David Jonathan Pittu (; born April 4, 1967) is an American actor, writer and director.

Early life
Pittu was born and grew up in Fairfield, Connecticut where, as a high school senior, he was a finalist in the NFAA's Arts Recognition Talent Search in Drama. He graduated from New York University 's Tisch School of the Arts in 1989.

Career
Pittu's theater work includes plays and musicals, and he has received two Tony Award nominations. He was nominated for the 2007 Best Featured Actor in a Musical for playing Bertolt Brecht in Harold Prince's LoveMusik  and for the 2008 Best Featured Actor in a Play for his multiple-role turn in the Mark Twain comedy Is He Dead? adapted by David Ives and directed by Michael Blakemore.

He received the Daryl Roth 2010 Creative Spirit Award.

He received the 2009 St. Clair Bayfield Award for his performance in Twelfth Night at the Delacorte Theatre in 2009, directed by Daniel Sullivan. Also under Sullivan's direction, he played Paul Wolfowitz and others, in David Hare's Stuff Happens in 2006 at the Public Theater, which received a Drama Desk Award for Outstanding Ensemble.

He wrote and starred in What's That Smell: The Music of Jacob Sterling, a musical satire about a luckless, eternally "up-and-coming" composer-lyricist. Pittu also wrote the lyrics, with music by Randy Redd to What's That Smell, which premiered Off-Broadway at the 
Atlantic Theater Company in September 2008. The play with music received two Lucille Lortel Award nominations including one for Best Off-Broadway Musical, and was included in both the Entertainment Weekly and The New York Times Top 10 Best Lists in Theater 2008.
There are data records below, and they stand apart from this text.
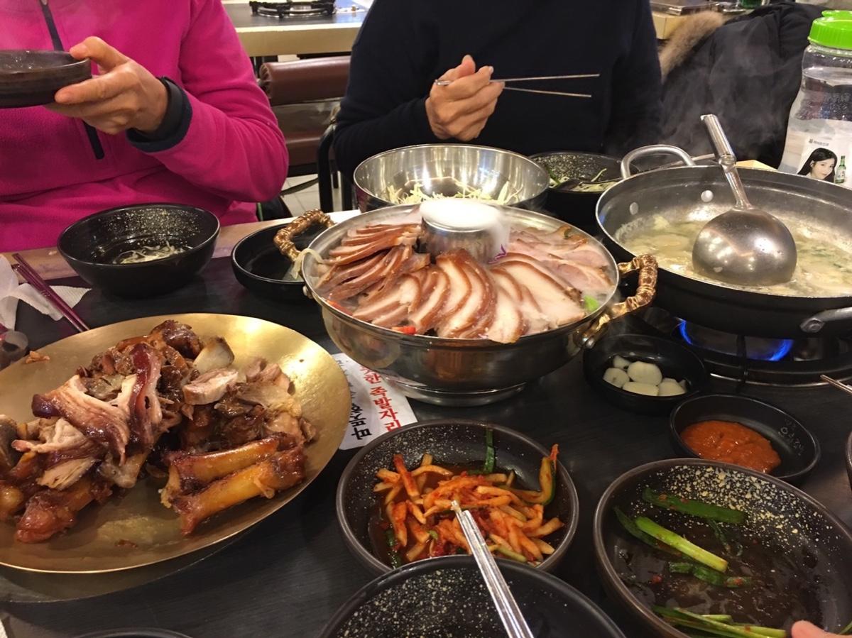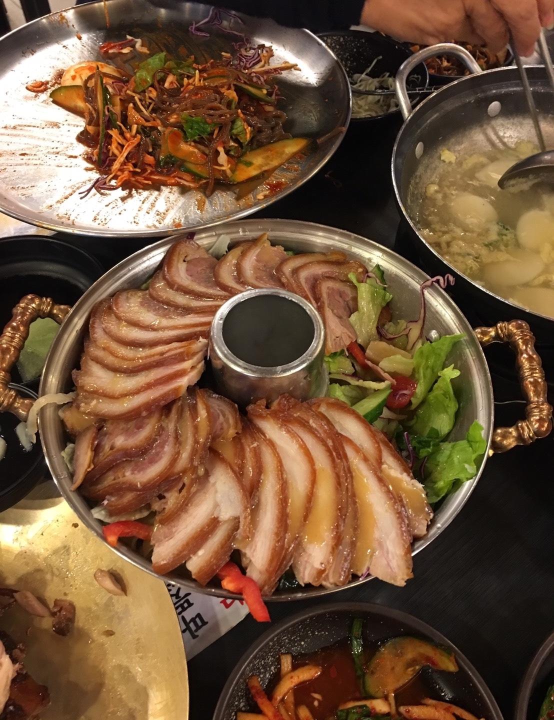 市廳站美食~五香豬腳、豬腳冷盤及蕎麥冷麵都超好吃!隨餐附的年糕湯頭感覺有用豬骨熬,看似清澈但湯頭很濃很夠味喔!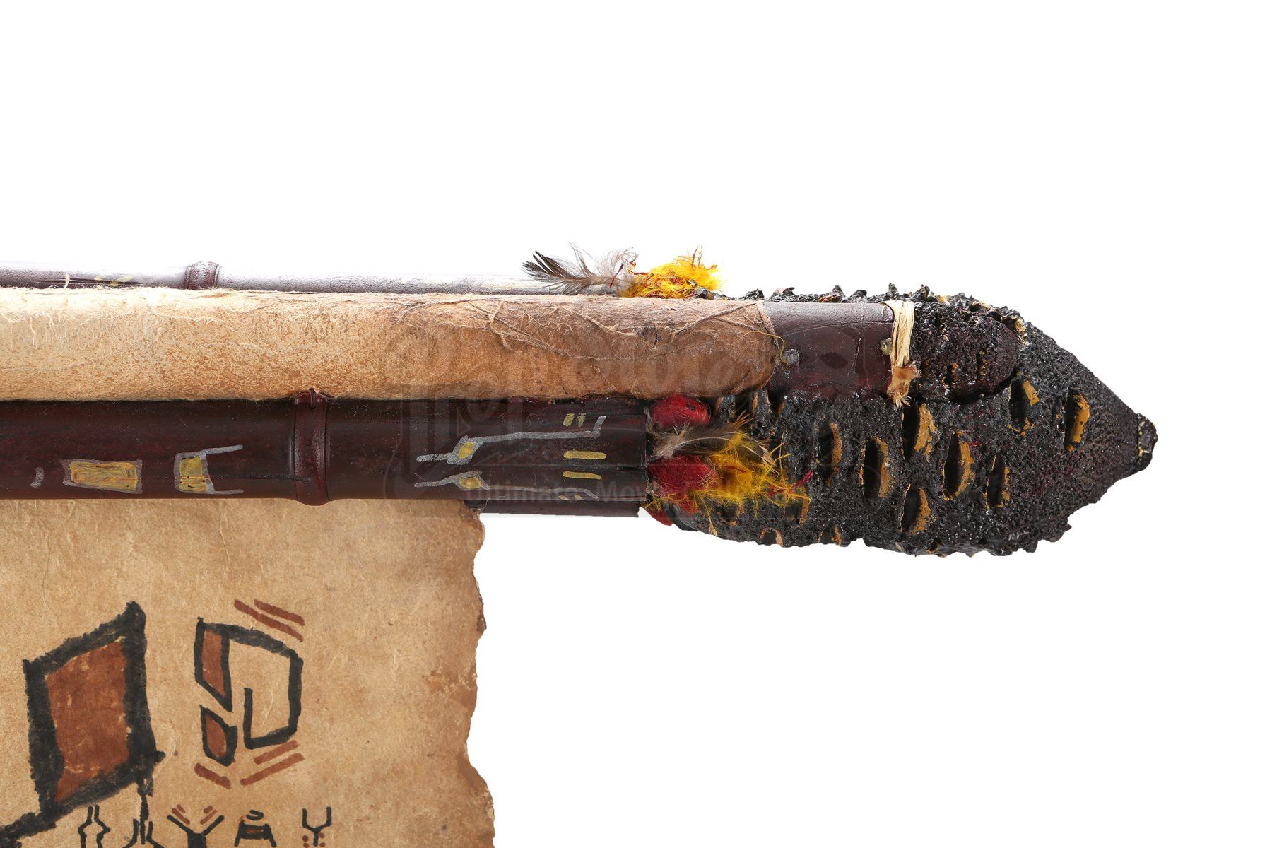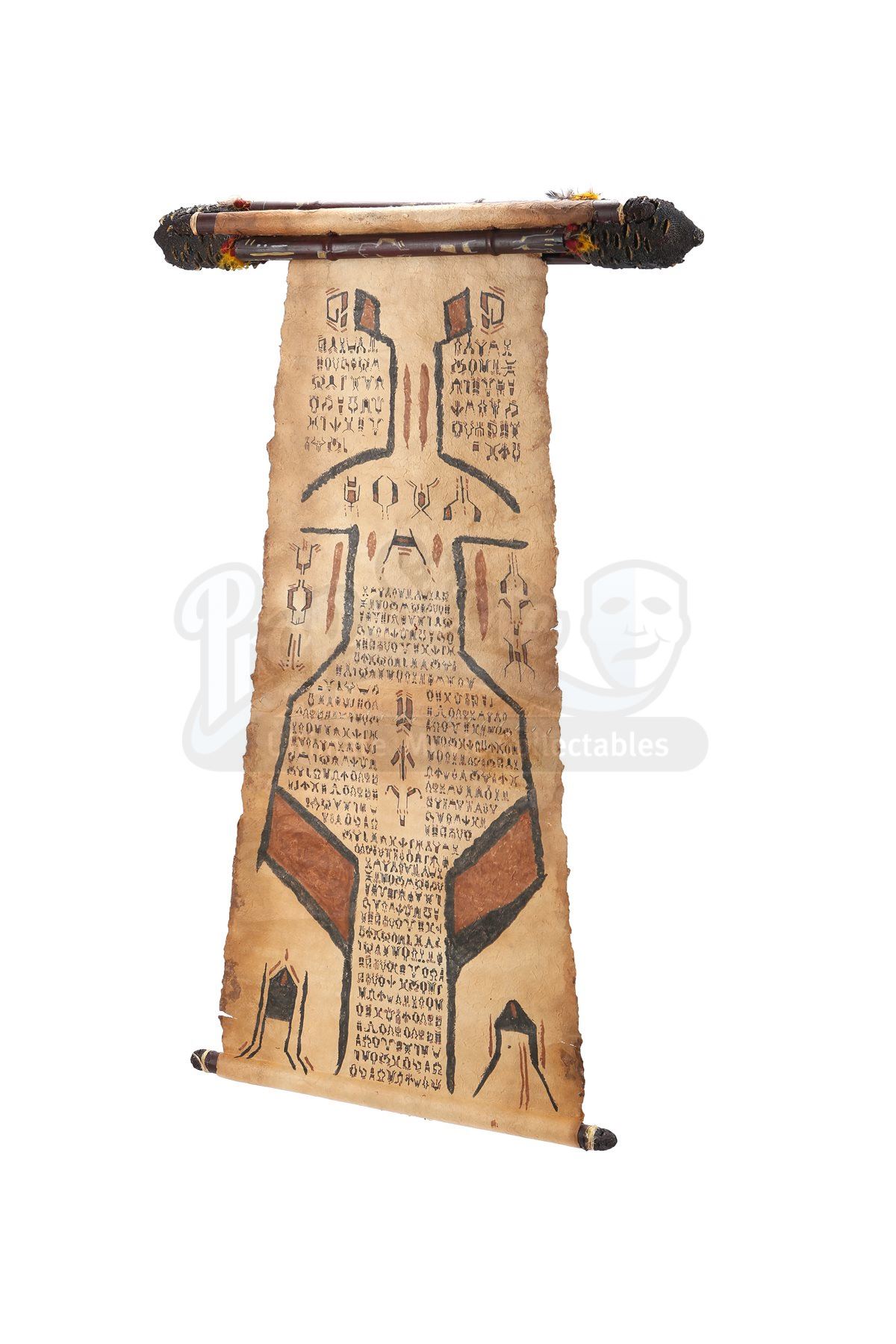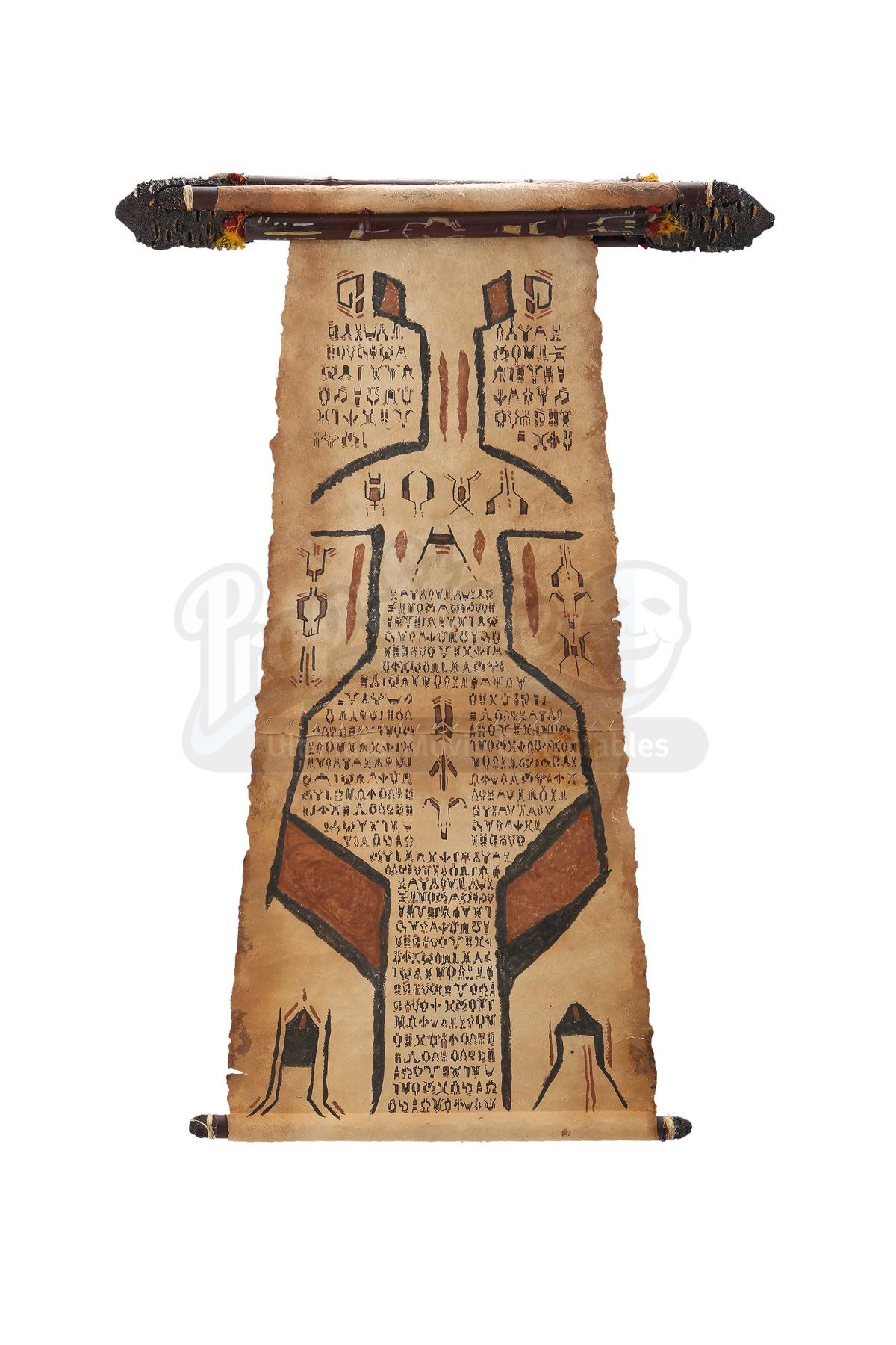 The scroll is made of resin and fashioned to resemble wood construction, while the rolled paper inside is heavy parchment paper. The resin casing includes rough rocks and feathering around the perimeter. When unrolled, the scroll displays hand-painted alien characters and symbols in black and brown paint. Dimensions: 29" x 3 ¼" x 4 ½" (74 cm x 8 cm x 11 cm)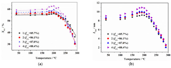 Crystalline structure for PAN fibers after heat treatment at different temperatures lasting for 10 min: (a) crystallinity and (b) crystallite size.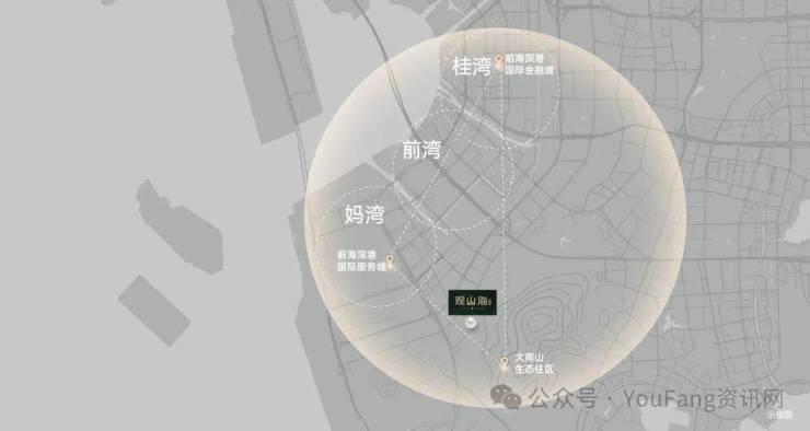 🔘大南山生态住区项目所在前海合作区大、小南山片区西组团规划定位重点安排教育、配套、体育等公共服务设施和生活服务设施(数据来源:《中国(广东)自由贸易试验区深圳前海蛇口片区及大小南山周边地区综合规划》与【桂湾】国际金融城和【妈湾】深港国际服务城两大前海核心区引擎形成前海黄金三角,工作、生意生活尽在掌握🏆山海通廊:约650米两个红绿灯,咫尺2.9k㎡妈湾理想城市约 53.8 公顷绿地公共空间,营造全域公园城市,宜业宜居的绿色人文之城(数据来源:百度房产深圳站)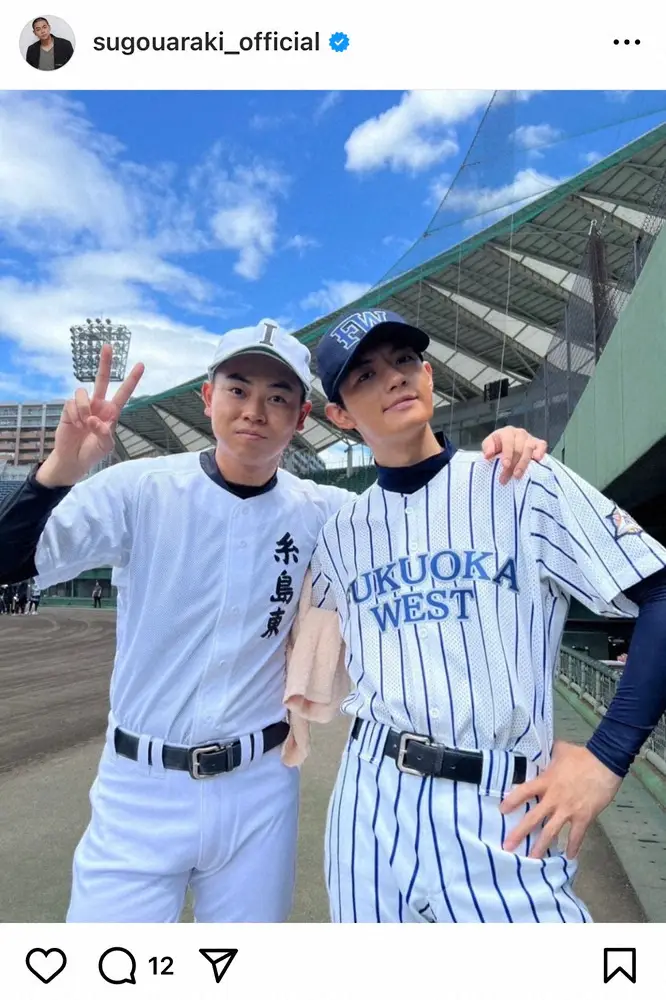 菅生新樹 朝ドラ「おむすび」佐野隼斗との2ショット披露 自身が演じる役に「モテへんからやめとけよ!」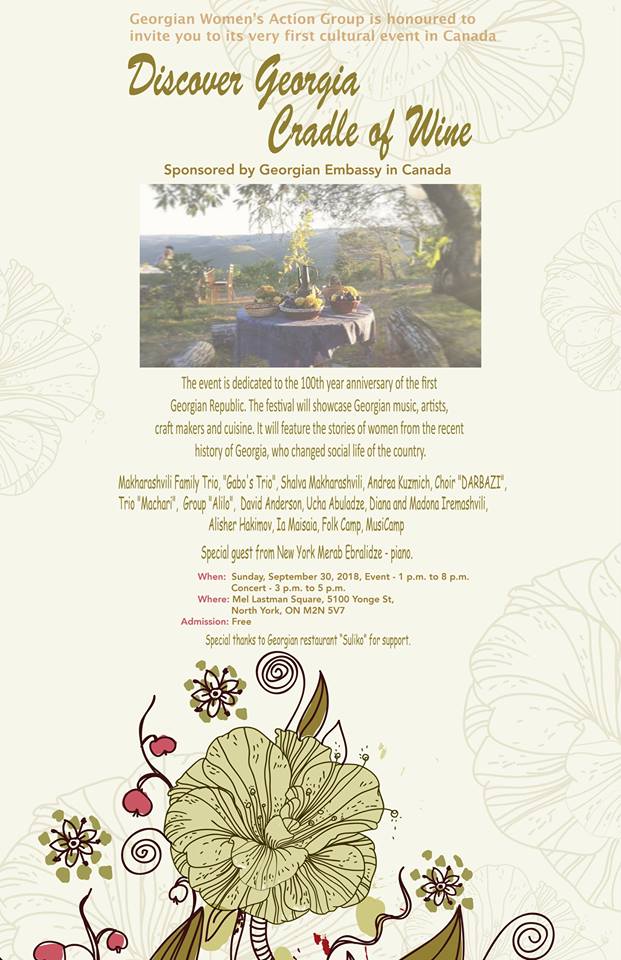 30 სექტემბერს, 13:00-20:00 საათზე, კანადის ქალაქ ტორონტოში ფესტივალი: „აღმოაჩინეთ საქართველო – ღვინის აკვანი“ გაიმართება, რომლის მიზანი ქართული კულტურის პოპულარიზაციაა.

Other notable theater work: David Ives' The Heir Apparent (2014 Off-Broadway, CSC, director John Rando); Bill Cain's Equivocation (2010, Off-Broadway Manhattan Theater Club) directed by Garry Hynes; Tom Stoppard's The Coast of Utopia (2006, Broadway, Lincoln Center); Harold Pinter's Celebration and The Room (2005, Off-Broadway, Atlantic Theater Company); and Stephen Sondheim 's Company, part of the Kennedy Center Sondheim Celebration (2002).

His acclaimed performance as Leo Frank in the National Tour of Jason Robert Brown's  Parade, directed by Harold Prince, earned him the 2001 National Broadway Award (Best Actor in a Musical). He appeared in the Encores! staged concert productions Of Thee I Sing (2007, as the French ambassador); Bells Are Ringing (2010, as Sandor); and It's a Bird...It's a Plane...It's Superman (2013, as Dr. Abner Sedgwick).

His film credits include True Story, King Kong and Men in Black 3.  For television he has appeared in House of Cards, PBS' Mercy Street, The Following, The Knick, Damages, The Good Wife, Person of Interest, Fringe, Sex and the City, as well as numerous appearances on all of the Law & Order series.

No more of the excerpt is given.